Et tu l'es tout autant. Parce que bien malgré toi, tu ne peux t'empêcher d'en vouloir à ceux qui sont revenus. Blessés, traumatisés, mutilés parfois.
Mais en vie.
Face à ceux auxquels tu prodigues des soins, tu parviens à oublier cette rancœur. De les voir souffrants suffit à réveiller toute ton empathie en éclipsant le reste. Ils sont des patients avant tout. Mais en d'autres moments, d'autres circonstances, tu ne peux simplement pas effacer ce sentiment amer qui te prend à la gorge. Et voir ainsi Thibaud devant toi... Tu sais qu'il n'est pas à blâmer. Il est bien des hommes en ce monde qui ont participé, chacun à leur niveau, à la mort de ton aîné mais lui n'y est pour rien.
Il n'y est pour rien.
Et pourtant, c'est plus fort que toi, tu lui en veux. Et ce ressentiment te rend d'autant plus nauséeuse que tu le sais profondément injuste.

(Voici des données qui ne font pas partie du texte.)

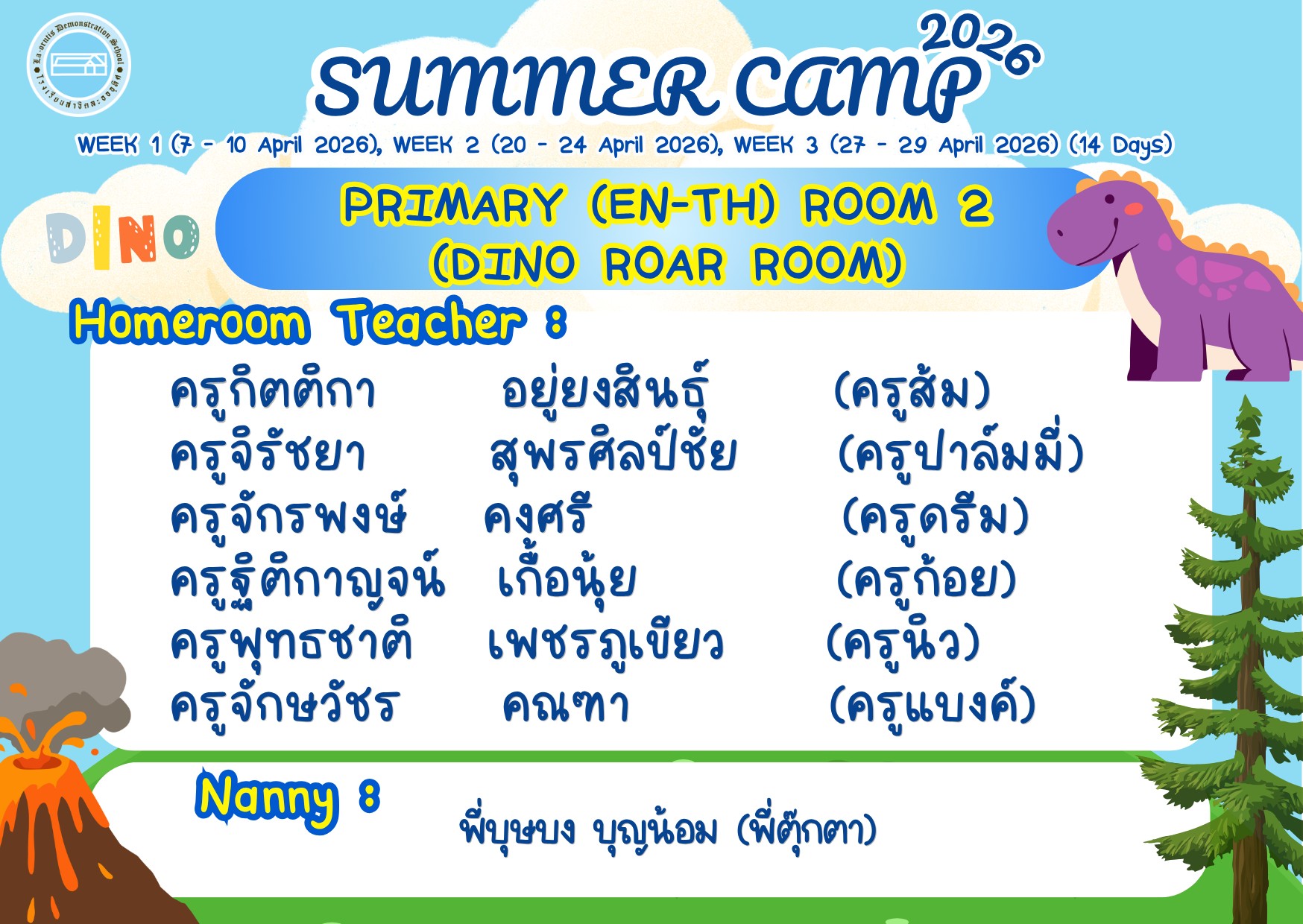 ðĢ āļĢāļ§āļĄāļ āļēāļāļāļĢāļĢāļĒāļēāļāļēāļĻāļāļīāļāļāļĢāļĢāļĄāđāļāļĢāļāļāļēāļĢ Summer Camp 2026 ðâĻ (Dino Roar Room EN-TH R2)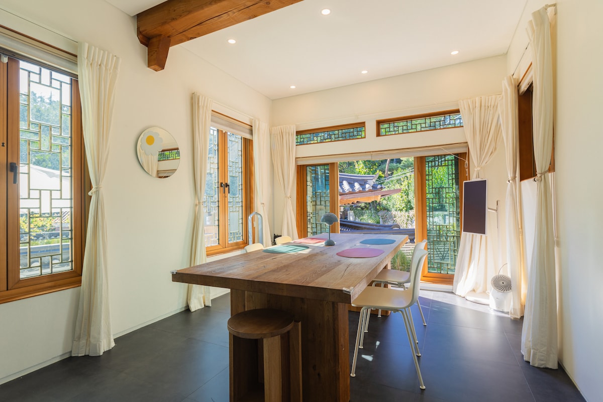 - 1929년 지어져, 3년 전 리노베이션 한 96년된 전통 한옥입니다. 한옥의 100년을 시각적으로 표현하고자 다양한 시대를 대표하는 동서양의 디자인 가구들로 채워 놓았고, 오래 전부터 이 집에 있던 고재와 부속품을 최대한 살려서 복원하였습니다. - 역사와 전통의 중심지. 유명 관광지 도보 여행 가능 - 24시간 편의점과 공항버스 정류장까지 도보 5분 이내, 지하철역까지 도보 5분 거리. - 숙소 바로 옆에 서울의 레스토랑/카페/쇼핑 상점이 수백개 있습니다. - 수하물 보관/공항 픽업 가능. - 초고속 인터넷 와이파이, 유튜브 / 넷플릭스 프리미엄 시청 가능 - 조용하고 편안한 분위기 : 서울의 중심부에 위치해 있지만, 한옥 안에 들어오면 마치 시간 여행을 온 듯 놀랍도록 조용하고 고즈넉한 분위기에 놀랄 거예요. - 각 공간의 매력을 천천히 즐기시면서, 나와 소중한 사람들의 좋은 추억을 만드시고 잠시나마 몸과 마음의 피로를 회복하는 시간 되시길 진심으로 바랍니다.

Les doigts crispés autour de ton verre, tu avales une rapide gorgée d'eau. Tout en sachant qu'elle ne pourra pas chasser la bile qui envahit ton palais de son goût âcre. Rien ne le peut. Pas plus un quelconque liquide que les paroles douces - bien trop douces ! - de Thibaud. « Il voulait qu'on ait le choix... » Bien sur que tu sais pourquoi il tenait à ce foutu job. Tu es parfaitement consciente que sans lui, sans ce deuxième salaire chez vous, tu n'aurais jamais pu faire l'école d’infirmière. Et peut-être que Thomas n'aurait pas pu rejoindre le séminaire non plus. Mais chaque fois que vous lui suggériez d'arrêter quand même, que vous assuriez que vous pouviez vous débrouiller, il se contentait de rire, de ce rire chaud et rassurant, et de dire que toutes les plantes du monde ne faneraient pas d'ici un an ou deux. Qu'il serait bien temps de chercher un poste de jardinier d'ici là. C'était vrai, après tout. Qu'était-ce qu'un an à attendre ? Ou deux ?
C'était le temps pour la guerre d'éclater et de débouler dans vos vies pour tout y ravager. Espoirs et rêves en vrac.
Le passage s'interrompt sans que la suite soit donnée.